Discovery launched last month even though some engineers recommended replacing three reinforced carbon-carbon heat tiles because of problems with their coating, but after arrival in orbit no further degradation was seen, showing the decision to fly was correct.

As for Atlantis, while five heat tiles are being scrutinized, Hale said that Atlantis is good to go for a Dec. 6 liftoff of the STS-122 Mission to the space station (or no earlier than Jan. 2 if a December launch is barred by unforeseen problems such as weather, or because the ISS isn’t ready to accept the laboratory that Atlantis will carry aloft).

“We have cleared Atlantis for flight,” Hale said.

In fact, Atlantis flight preparations are ahead of schedule, and the shuttle is set for a rollout from the Kennedy Space Center (KSC) Vehicle Assembly Building within five days.

Also, the European Columbus laboratory module is good to go, as well, Hale said.

Improvements are being made to the external fuel tanks that will fly on all future space shuttle missions, he added. Workers at the Michoud Assembly Facility in Louisiana, though hampered still by damage caused by Hurricane Katrina in 2005, are steadily improving safety of the tanks, especially the ice frost ramps, Hale said.

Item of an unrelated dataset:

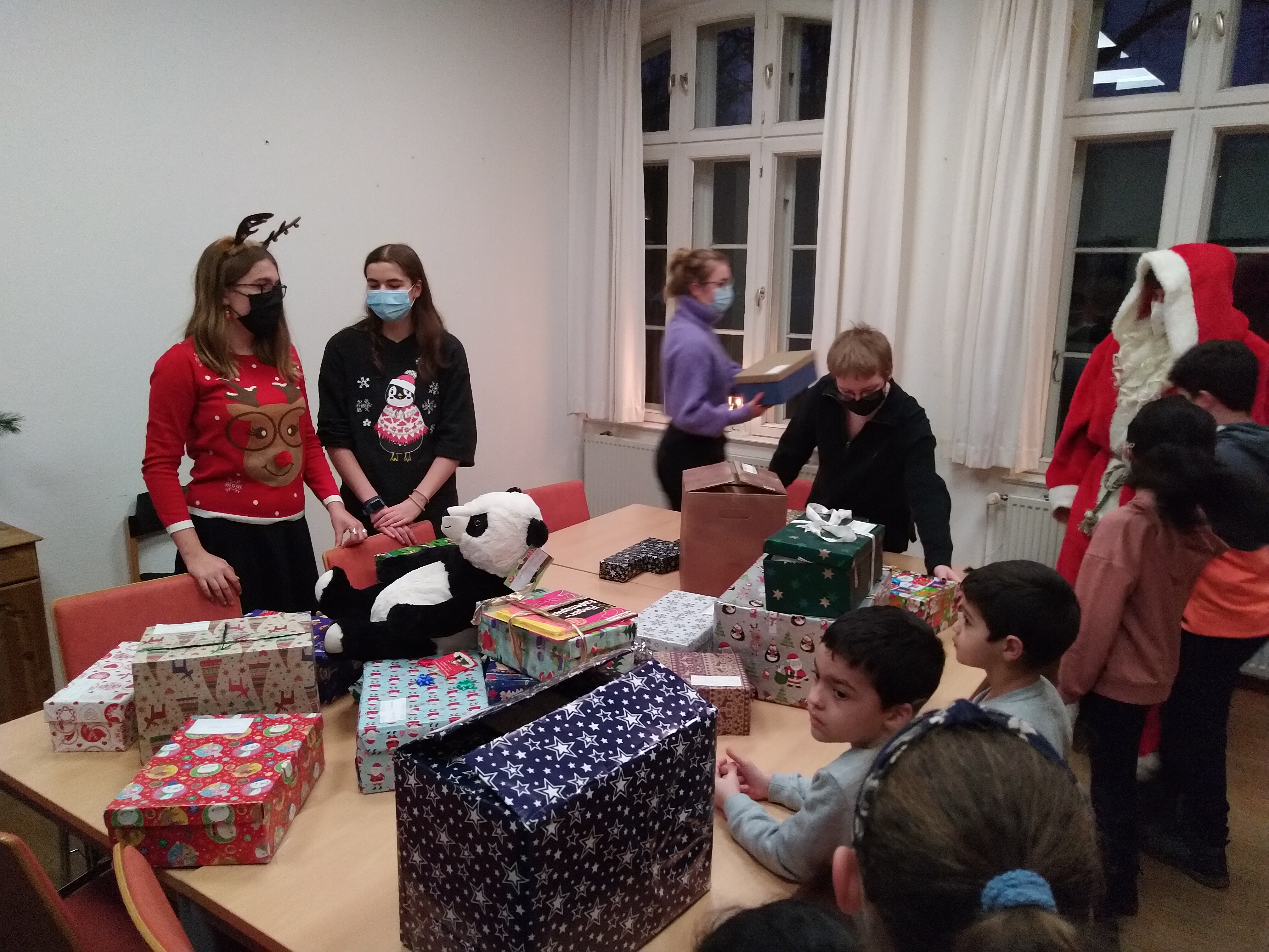 Viele tolle Helfer aus dem Wentorfer Gymnasium haben mit uns zusammen die diesjährige Feier gestaltet, sie haben mehr als 40 wunderbare Geschenke für die Kinder gepackt, der „Weihnachtsmann“ hat sie verteilt und anschließend wurden Weihnachtsplätzchen gebacken.

“Every tank will be safer than the one [on the shuttle mission] before it,” Hale said.

NASA is wrestling with a bad basic design problem in the space shuttle fleet, where foam insulation can break free during liftoff and ascent and strike the orbiter vehicle, damaging it.

For example, in 2003, insulation hit a leading wing edge on Space Shuttle Columbia, punching a hole that later led to loss of the ship and crew during reentry.

On future missions, he said, a spacewalk will have to be performed to find out why an ISS rotary joint seems to have problems, including metal shavings.

He also said that the scheduled Aug. 7 Space Shuttle Atlantis mission to service the Hubble Space Telescope will involve risk because the seven astronauts on Atlantis won’t be able to use the ISS as a life raft if something goes wrong with the shuttle, so NASA will have another shuttle on the pad, ready to launch on a rescue mission.

“We do not have a place that will shelter us,” unlike missions to the ISS, he said.

While Hale would like to see some shuttle mission include a spacewalk to test on-orbit techniques for repairing damaged heat tiles, preferably before the Hubble mission, he added that the Hubble servicing job won’t be delayed if the heat tile repair spacewalk can’t be performed before then.

The heat tile repair test — on purposely damaged test tiles — was to have been performed on the current Discovery mission, but plans for that test had to be abandoned because of the unexpected tear in an ISS solar array that required immediate repair.

On a separate point, Hale said there is no safety reason that Discovery Commander Pam Melroy, a retired Air Force colonel, requested a landing at KSC Wednesday in daylight hours rather than at night. Most aviators prefer landing in daylight instead of at night, he said. But “we are trained to land in both,” he added.